Work to be completed => Please output exactly the lines from the one that holds "Anillos de crecimiento" through the final line of the data, and nothing else; leave out any pictures.

BEGIN Data records

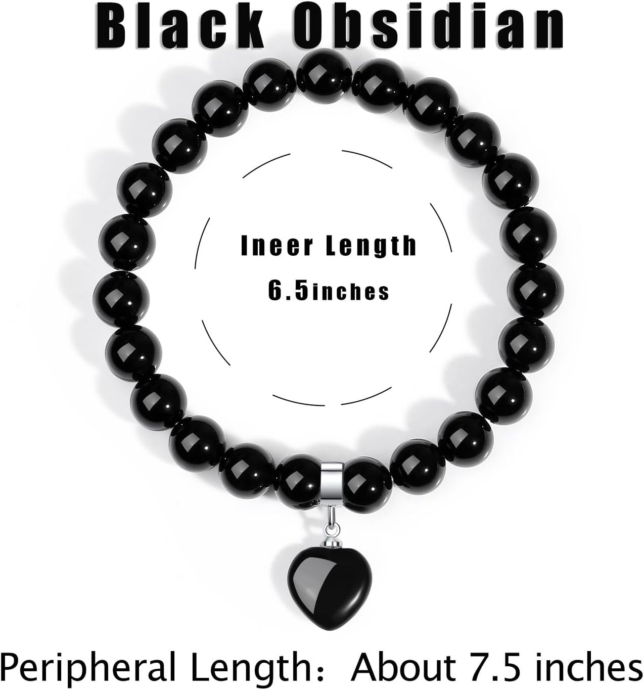 MAIBAOTA Healing Crystal Bracelet for Women, 8 mm Beaded Bracelet, Gemstone Love Heart Charm Bracelet, Stone Jewelry Gifts for Christmas Anniversary Valentine’s Day
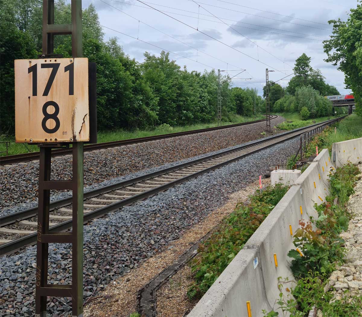 km 171,2 (Gegenrichtungsgleis) und km 171,4 (Gegenrichtungsgleis) in Eichenberg - Blick Richtung Hann Münden
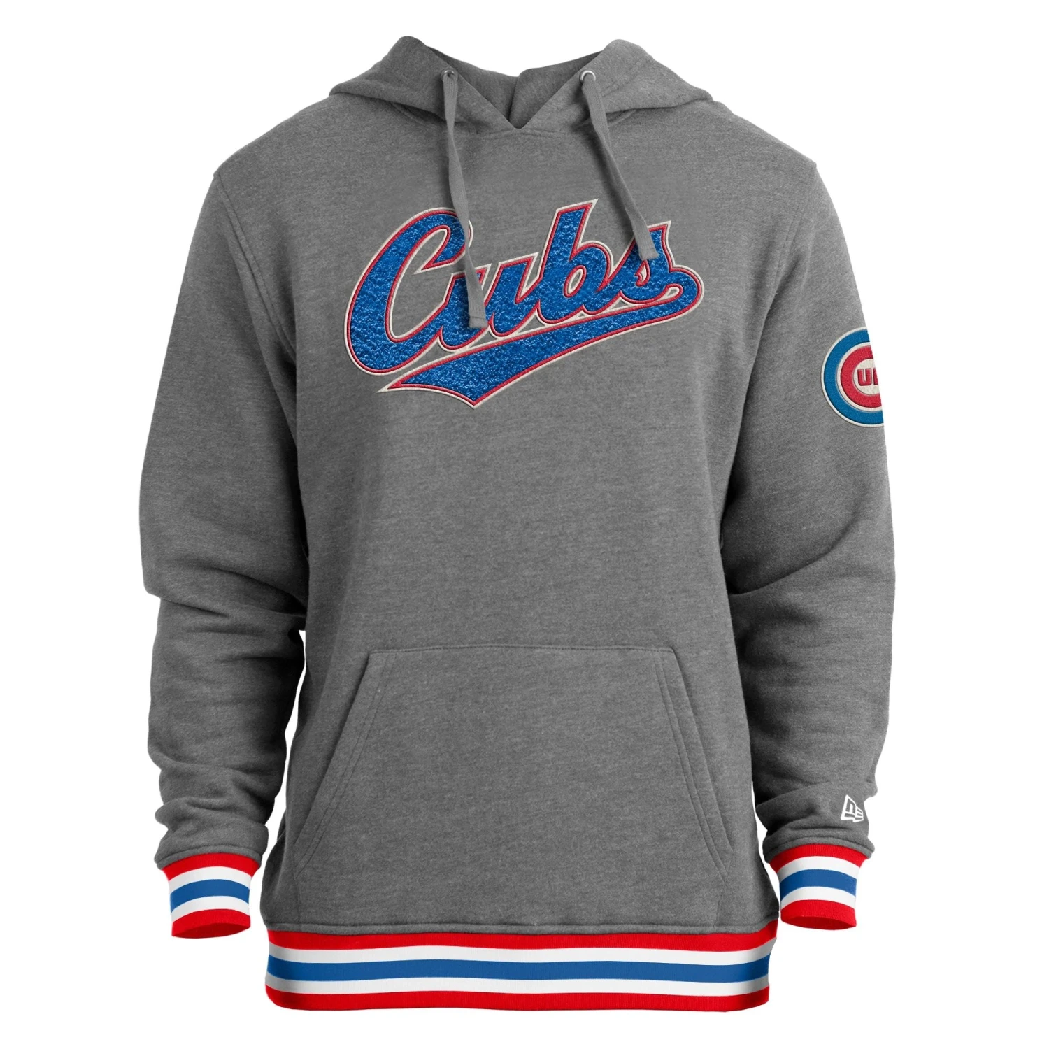 Stay cozy and show off your baseball allegiance with this Chicago Cubs Script Grey Hoodie! Featuring cuffs with the team colors, and bold cubs script along the chest, you’ll stand out in true fan style. Dare to stand out and show your team pride! Get it today at any Clark Street Sports location!
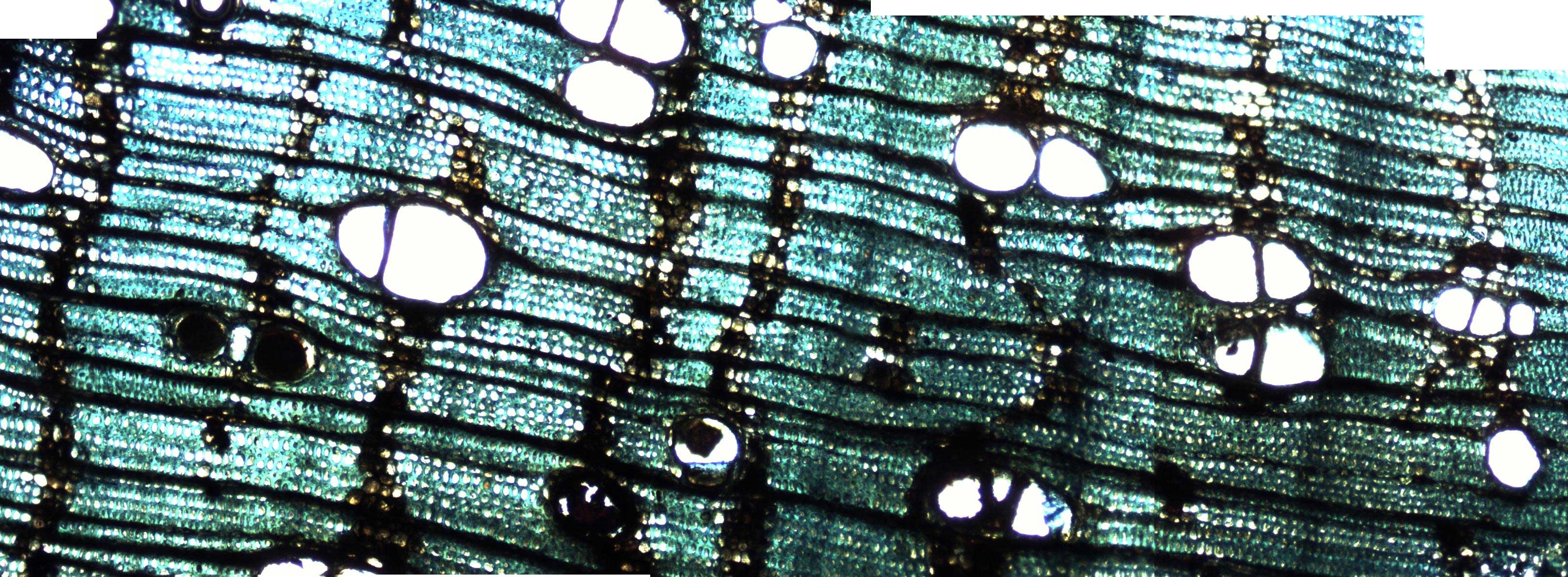 Anillos de crecimiento no demarcados, porosidad difusa, poros solitarios y múltiples, pequeños, sin disposición particular, estructura estratificada ausente, parénquima axial confluente y en bandas angostas, sin contenidos en los vasos.
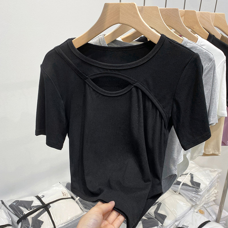 美式辣妹紧身显瘦短袖t恤女夏季新款镂空设计感小众短款高腰上衣

END Data records

Result below =>
 Anillos de crecimiento no demarcados, porosidad difusa, poros solitarios y múltiples, pequeños, sin disposición particular, estructura estratificada ausente, parénquima axial confluente y en bandas angostas, sin contenidos en los vasos.
 美式辣妹紧身显瘦短袖t恤女夏季新款镂空设计感小众短款高腰上衣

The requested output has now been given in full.